■ **Brief**
The answer should reproduce every entry exactly and contain no images.

Start of Block

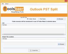 Keywords: pst split, splitter pst, divide pst tool, split pst tool, free split pst, outlook pst splitter, download free pst splitter, separate pst The ToolsBaer PST Split Tool can efficiently PST file into the divided format. Divide large PST without installing MS Outlook. There is an option for allowing us to take the selected file folders inbox, outbox, drafts, deleted items, etc. and divided into a selective folder of PST using PST Splitter format. The users can split the PST file based on size and save the outlook file at a desirable destination. The PST Splitter Tool supports archive Outlook files without any difficulty. Outlook data file using this software, therefore large PST files can be split into parts. To save the outlook file after splitting, users can easily create a new folder and save the PST file. The tool includes only 4 steps for dividing the file. The software provides different splitting options such as date, size, the folder users can split ANSI & UNICODE both type PST files as per your choice and set a split password for protected PST files effortlessly. Users can also take a free demo version for examining its features and how it works and Display the complete PST file earlier to splitting. Download the ToolsBaer PST Split Tool best-divided program. This utility efficiently divide any large-size PST files.
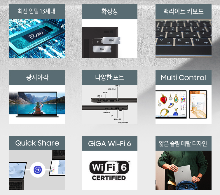 기존 갤럭시북2는 두껍고 무거워서 고려 대상이 아니었는데, 갤럭시북 3은 제 마음에 쏙들게 출시 되었네요.
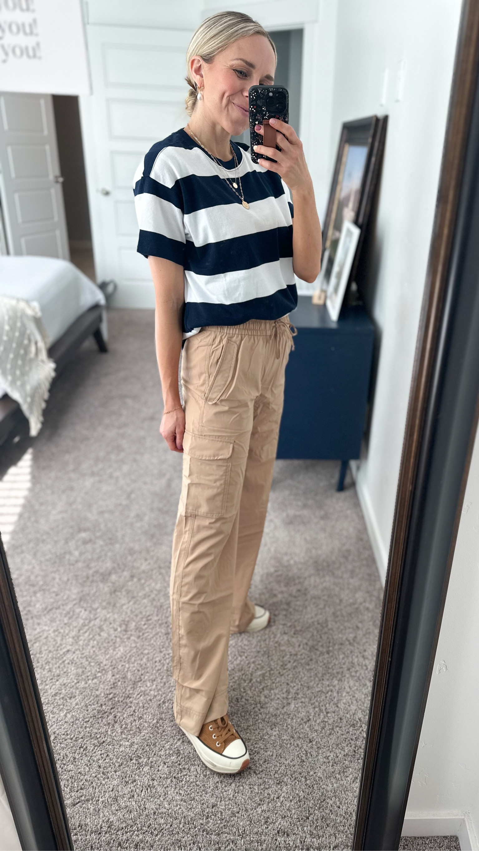 The combination of horizontal stripes on the top introduces a classic, nautical flair that is timeless, while the relaxed fit of the khaki trousers offers a comfortable yet chic silhouette. The ensemble is grounded by the choice of white sneakers with a hint of color, giving off a casual, effortlessly stylish vibe.
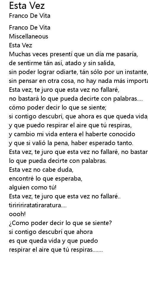 | 歌曲 | Esta Vez |
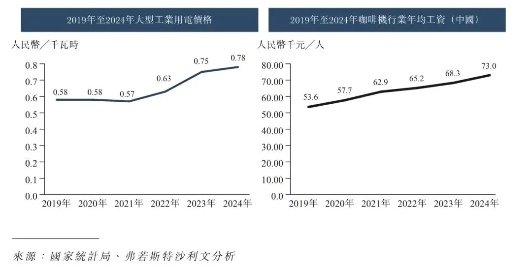 伴随宏观经济增长,2019年至2024年中国咖啡机行业从业人员年均工资从人民币5.36万元稳步上升至人民币7.30万元。展望未来,在宏观经济持续扩张、居民可支配收入增长及通胀压力推动下,预计未来五年劳动力成本将恢复上涨趋势。从长远看,行业薪资水平有望与国内名义GDP增速保持同步。随着中国经济持续增长及为促进国内企业发展,中国政府出台多项规则及政策降低工业用电成本。2019年至2022年,工业用电价格从人民币0.58元╱千瓦时降至人民币0.57元╱千瓦时。2024年,随着工业领域持续发展带来的用电需求增长,工业用电价格提升至人民币0.78元╱千瓦时。
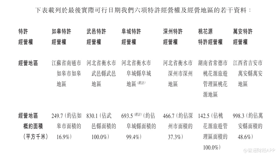 据智通财经APP了解,汇名天然气位于6个地点的6项特许经营权,分布在江苏省、河北省、江西省和湖南省,其中河北省占有3项特许经营权,其余省各占1项。特许经营地区的总面积约为3381平方千米。
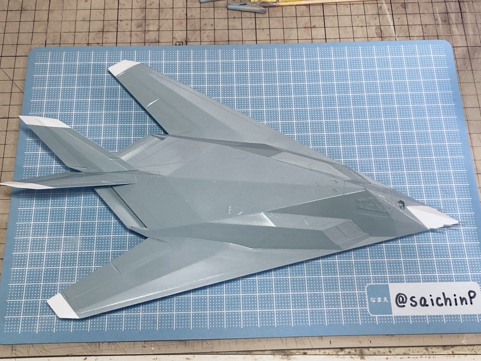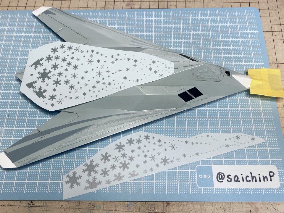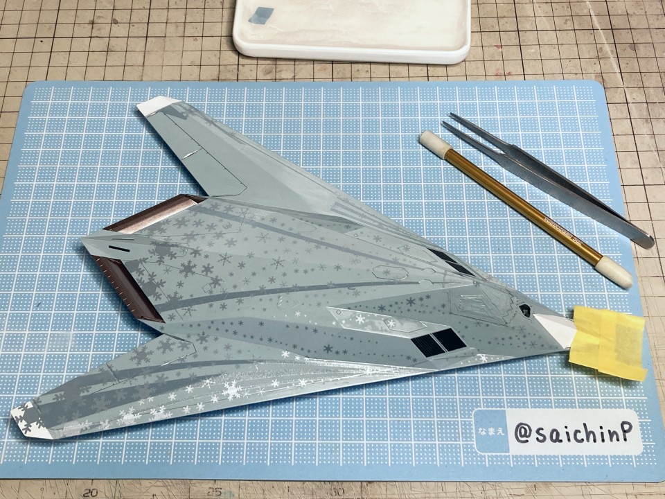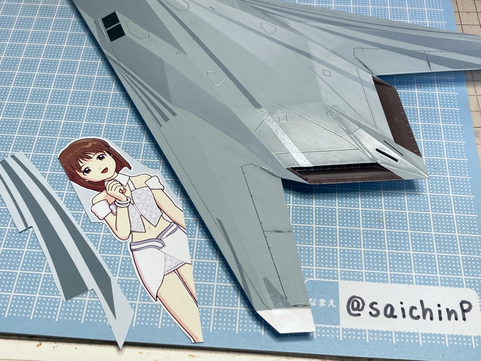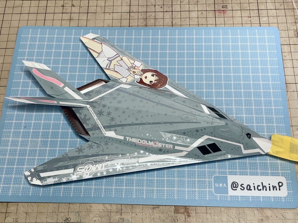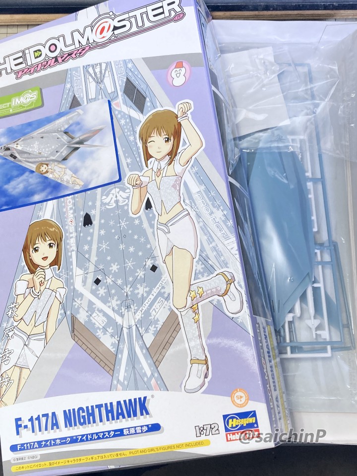 完成編の記事はこちら 雪歩誕生日なのでF-117Aを作りました 箱を開けると、その機体形状故かパーツは少なめです。 デカールは図柄がまとめられた大判が多めの構成。 脚カバー類は閉じて飛行状態にして、額縁への取付用のナットを接着しますが、位置がちょうど爆弾槽の扉部分になるので裏側からプラ板で補強しました。 組み立て全般はパーツが少なく、ステルス機でパネルラインも少ないので作業は楽でした。 形になるのはこれまでに作ったアイマス機で一番早かったです。 キャノピーは裏からスモークグレーを吹いて、コックピット内部は見えなくなるからジャーマングレーを吹いただけの割り切り仕様です。 キャノピー枠がステルス的なギザギザでマスキングがちょっと面倒。 下地に白を吹いてから機体色を吹きましたが、今回は機体色が明るい色なのでキャラの下地の透け対策やラインは塗装ではなくデカールそのままにしました。 翼端と機首だけはデカールではなく塗装です。 細部の塗り分けと、ウェザリングカラーのマルチグレーでのスミ入れのあとにクリアーコート(ラッカー系)で保護しました。 メタリックなラインのデカールから貼っていきますが、雪歩のキャラデカールと重なる部分は透け防止でカットします。 雪の結晶マークは複数マークがまとめられた大判デカールになるので技量に応じて分割して貼り込むのが無難でしょう。 最初に貼ったメタリック系のラインや雪の結晶はそんな事なかったのですが、白ラインや各種マーキングはぬるま湯に漬けたらいきなり4つに割れる、などかなり割れやすかったです。 貼る前にニスを塗って保護するなど対策をしたほうがいいかも。 ただし、買ってから10年以上積んでいたキットなのであまり文句は言えませんがw デカールをすべて貼ったらのり類を洗浄して、最後に水性のトップコートの半光沢を吹いて完成です。 作業期間は途中の中断を除いた正味で4週間くらいでした。 関連 雪歩誕生日なのでF-117Aを作りました タイフーン 菊地真 制作編 F-2A 双海亜美&F-16C 双海真美 制作編
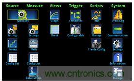 吉時利2450型交互式數(shù)字源表SMU儀器簡化了非傳統(tǒng)用戶的學(xué)習(xí)曲線,使之從使用多層菜單結(jié)構(gòu)和多功能按鈕配置功能的繁瑣工作中解脫出來。2450型儀器使用基于圖標(biāo)的平面菜單系統(tǒng),就像在智能消費電子產(chǎn)品中使用的菜單系統(tǒng)一樣簡單,如平板電腦或智能手機上顯示的應(yīng)用圖標(biāo)排列。
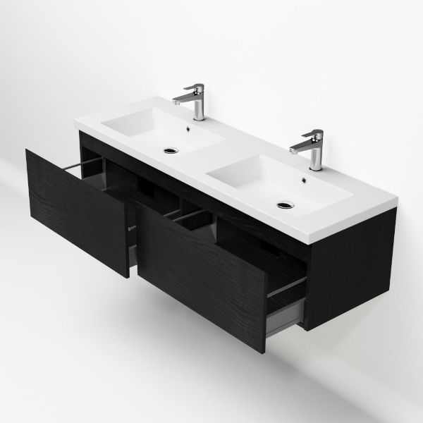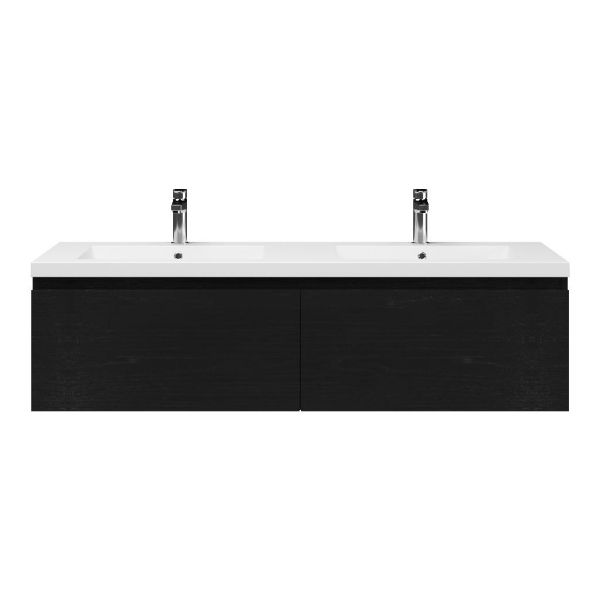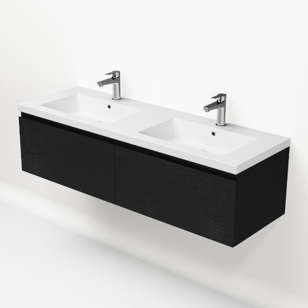 | | Bellanti Solo/Esta badmeubel 140x46 2 softclose laden mat zwart eiken greeploos polystone wastafel dubbel wit met 2 kraangaten |
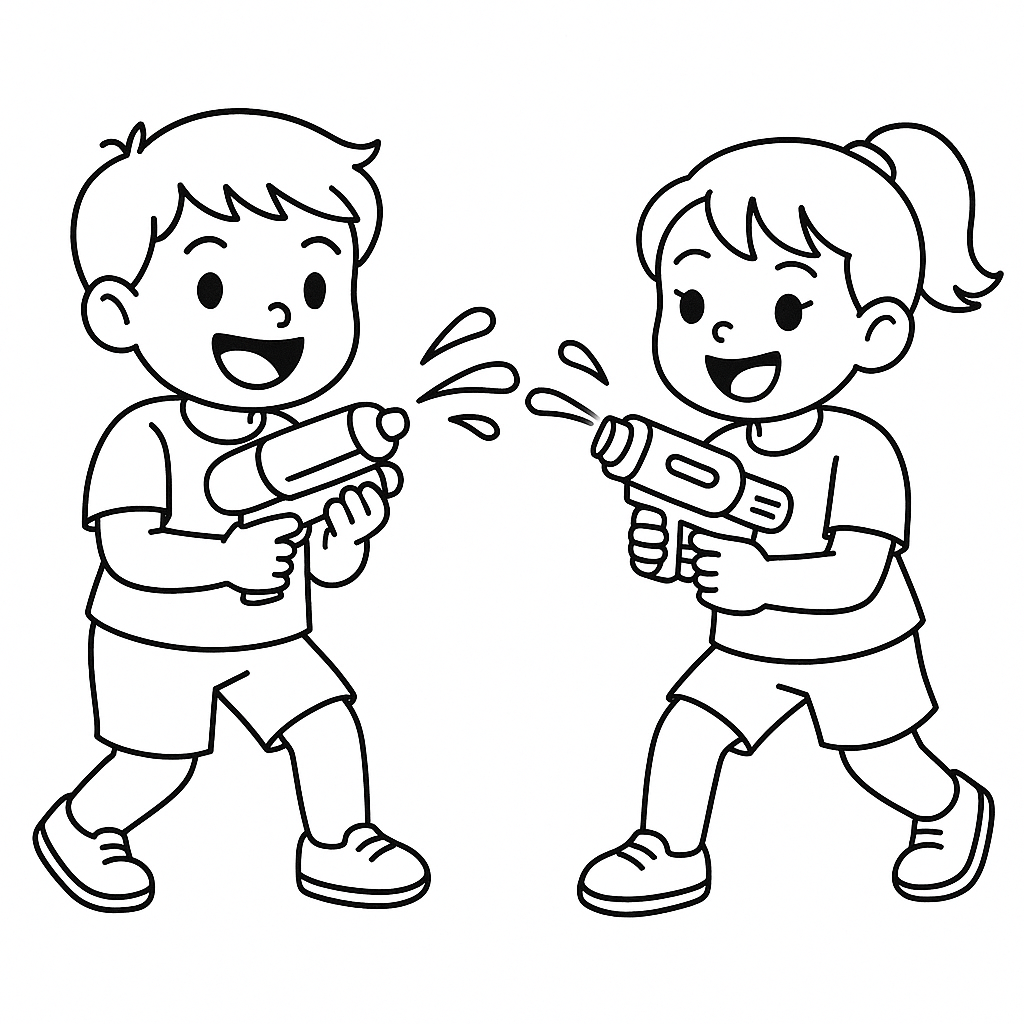 - **색칠 시간 놀이로 활용:** 아이에게 어떤 색으로 물총을 칠하고 싶은지 물어보며 자유롭게 상상하게 해보세요. - **여름 활동 주제 학습:** 여름에 할 수 있는 놀이에 대해 이야기 나누며 그림을 활용해요. - **친구들과의 역할극 그리기:** “이건 너고, 이건 네 친구야~” 하며 친구들과의 놀이 장면을 그려보는 것도 좋아요. - **배경 추가로 창의력 키우기:** 나무, 수영장, 해님 등 다양한 배경을 아이가 직접 그려보게 하면 창의력도 쑥쑥!
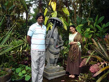 Prasad and Gargi with the very beautiful handcarved umbrella Ganesha on the path to the Iraivan Temple.

End of Block

■ **Answer below**
 Keywords: pst split, splitter pst, divide pst tool, split pst tool, free split pst, outlook pst splitter, download free pst splitter, separate pst The ToolsBaer PST Split Tool can efficiently PST file into the divided format. Divide large PST without installing MS Outlook. There is an option for allowing us to take the selected file folders inbox, outbox, drafts, deleted items, etc. and divided into a selective folder of PST using PST Splitter format. The users can split the PST file based on size and save the outlook file at a desirable destination. The PST Splitter Tool supports archive Outlook files without any difficulty. Outlook data file using this software, therefore large PST files can be split into parts. To save the outlook file after splitting, users can easily create a new folder and save the PST file. The tool includes only 4 steps for dividing the file. The software provides different splitting options such as date, size, the folder users can split ANSI & UNICODE both type PST files as per your choice and set a split password for protected PST files effortlessly. Users can also take a free demo version for examining its features and how it works and Display the complete PST file earlier to splitting. Download the ToolsBaer PST Split Tool best-divided program. This utility efficiently divide any large-size PST files.
 기존 갤럭시북2는 두껍고 무거워서 고려 대상이 아니었는데, 갤럭시북 3은 제 마음에 쏙들게 출시 되었네요.
 The combination of horizontal stripes on the top introduces a classic, nautical flair that is timeless, while the relaxed fit of the khaki trousers offers a comfortable yet chic silhouette. The ensemble is grounded by the choice of white sneakers with a hint of color, giving off a casual, effortlessly stylish vibe.
 | 歌曲 | Esta Vez |
 伴随宏观经济增长,2019年至2024年中国咖啡机行业从业人员年均工资从人民币5.36万元稳步上升至人民币7.30万元。展望未来,在宏观经济持续扩张、居民可支配收入增长及通胀压力推动下,预计未来五年劳动力成本将恢复上涨趋势。从长远看,行业薪资水平有望与国内名义GDP增速保持同步。随着中国经济持续增长及为促进国内企业发展,中国政府出台多项规则及政策降低工业用电成本。2019年至2022年,工业用电价格从人民币0.58元╱千瓦时降至人民币0.57元╱千瓦时。2024年,随着工业领域持续发展带来的用电需求增长,工业用电价格提升至人民币0.78元╱千瓦时。
 据智通财经APP了解,汇名天然气位于6个地点的6项特许经营权,分布在江苏省、河北省、江西省和湖南省,其中河北省占有3项特许经营权,其余省各占1项。特许经营地区的总面积约为3381平方千米。
 完成編の記事はこちら 雪歩誕生日なのでF-117Aを作りました 箱を開けると、その機体形状故かパーツは少なめです。 デカールは図柄がまとめられた大判が多めの構成。 脚カバー類は閉じて飛行状態にして、額縁への取付用のナットを接着しますが、位置がちょうど爆弾槽の扉部分になるので裏側からプラ板で補強しました。 組み立て全般はパーツが少なく、ステルス機でパネルラインも少ないので作業は楽でした。 形になるのはこれまでに作ったアイマス機で一番早かったです。 キャノピーは裏からスモークグレーを吹いて、コックピット内部は見えなくなるからジャーマングレーを吹いただけの割り切り仕様です。 キャノピー枠がステルス的なギザギザでマスキングがちょっと面倒。 下地に白を吹いてから機体色を吹きましたが、今回は機体色が明るい色なのでキャラの下地の透け対策やラインは塗装ではなくデカールそのままにしました。 翼端と機首だけはデカールではなく塗装です。 細部の塗り分けと、ウェザリングカラーのマルチグレーでのスミ入れのあとにクリアーコート(ラッカー系)で保護しました。 メタリックなラインのデカールから貼っていきますが、雪歩のキャラデカールと重なる部分は透け防止でカットします。 雪の結晶マークは複数マークがまとめられた大判デカールになるので技量に応じて分割して貼り込むのが無難でしょう。 最初に貼ったメタリック系のラインや雪の結晶はそんな事なかったのですが、白ラインや各種マーキングはぬるま湯に漬けたらいきなり4つに割れる、などかなり割れやすかったです。 貼る前にニスを塗って保護するなど対策をしたほうがいいかも。 ただし、買ってから10年以上積んでいたキットなのであまり文句は言えませんがw デカールをすべて貼ったらのり類を洗浄して、最後に水性のトップコートの半光沢を吹いて完成です。 作業期間は途中の中断を除いた正味で4週間くらいでした。 関連 雪歩誕生日なのでF-117Aを作りました タイフーン 菊地真 制作編 F-2A 双海亜美&F-16C 双海真美 制作編
 吉時利2450型交互式數(shù)字源表SMU儀器簡化了非傳統(tǒng)用戶的學(xué)習(xí)曲線,使之從使用多層菜單結(jié)構(gòu)和多功能按鈕配置功能的繁瑣工作中解脫出來。2450型儀器使用基于圖標(biāo)的平面菜單系統(tǒng),就像在智能消費電子產(chǎn)品中使用的菜單系統(tǒng)一樣簡單,如平板電腦或智能手機上顯示的應(yīng)用圖標(biāo)排列。
 | | Bellanti Solo/Esta badmeubel 140x46 2 softclose laden mat zwart eiken greeploos polystone wastafel dubbel wit met 2 kraangaten |
 - **색칠 시간 놀이로 활용:** 아이에게 어떤 색으로 물총을 칠하고 싶은지 물어보며 자유롭게 상상하게 해보세요. - **여름 활동 주제 학습:** 여름에 할 수 있는 놀이에 대해 이야기 나누며 그림을 활용해요. - **친구들과의 역할극 그리기:** “이건 너고, 이건 네 친구야~” 하며 친구들과의 놀이 장면을 그려보는 것도 좋아요. - **배경 추가로 창의력 키우기:** 나무, 수영장, 해님 등 다양한 배경을 아이가 직접 그려보게 하면 창의력도 쑥쑥!
 Prasad and Gargi with the very beautiful handcarved umbrella Ganesha on the path to the Iraivan Temple.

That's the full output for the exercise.